サーシャは自分の部屋に戻る。部屋に入るとアナスタシアが詰め寄ってきた。

「サーシャ!今までどこ行ってたの⁈」

「アレス…の部屋」

「は?なんでよ?洗濯室は?」

サーシャは一連の出来事を説明した。

「アレス殿下に話しちゃったのね…」

「うん…。」

「で、アレス殿下は?何て?」

「明日の試合に観に来いって。でも寂しそうだった…」

「本人に話した事が正解かは私も分からない。だけど暗殺されかけた事は事実。ジュリアス殿下とカエサル宰相に警戒するようになったのはプラスよね。」

「うん…。」

「とりあえずナタリア様には私から上手く話しておくから、サーシャは部屋から出ちゃダメよ?」

「わかった…」

アナスタシアは部屋を出てナタリアの元へ向かった。

サーシャが途中で貧血を起こした事、たまたまアレス殿下に助けられて今は自室で休ませてる事。アレスから明日の試合を観にくるように言われた事などをナタリアに説明した。

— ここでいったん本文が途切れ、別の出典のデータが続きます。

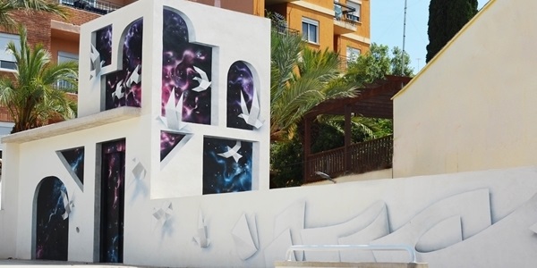 Ja podem admirar la nova peça que l'artista italià, veí del nostre poble, Giacomo Pennicchi ha pintant a la Plaça del País Valencià i que rep el nom de "Murigami" (Mur+Origami). En esta nova intervenció Giacomo ens proposa un joc de tridimensionalitat sobre la caixa de l'ascensor de la Sala d'Escposicons. Des del mur sobre la plaça veiem com unes làmines es van transformant per mitjà d'un joc de papiroflèxia (Origami) en uns pardals de paper que volem entre una arquitectura il·lusòria cap a un univers obert a l'interior de l'edifici. Una proposta elegant i evocadora que completa la intervenció de renovació de l'escenari de la Plaça del País Valencià i l'ampliació de la Sala d'Exposicions i que, des de ja, esdevé un element icònic per a este espai.

「疲れが出たのかしら…?サーシャは大丈夫?明日は休んで良いから、殿下の試合でも観に行ってきなさい。」

「ありがとうございます。ご迷惑をお掛けします。」

「良いのよ。今日はアナスタシアも上がってちょうだい。」

「ありがとうございます。」

そして決勝前夜が明けていった…。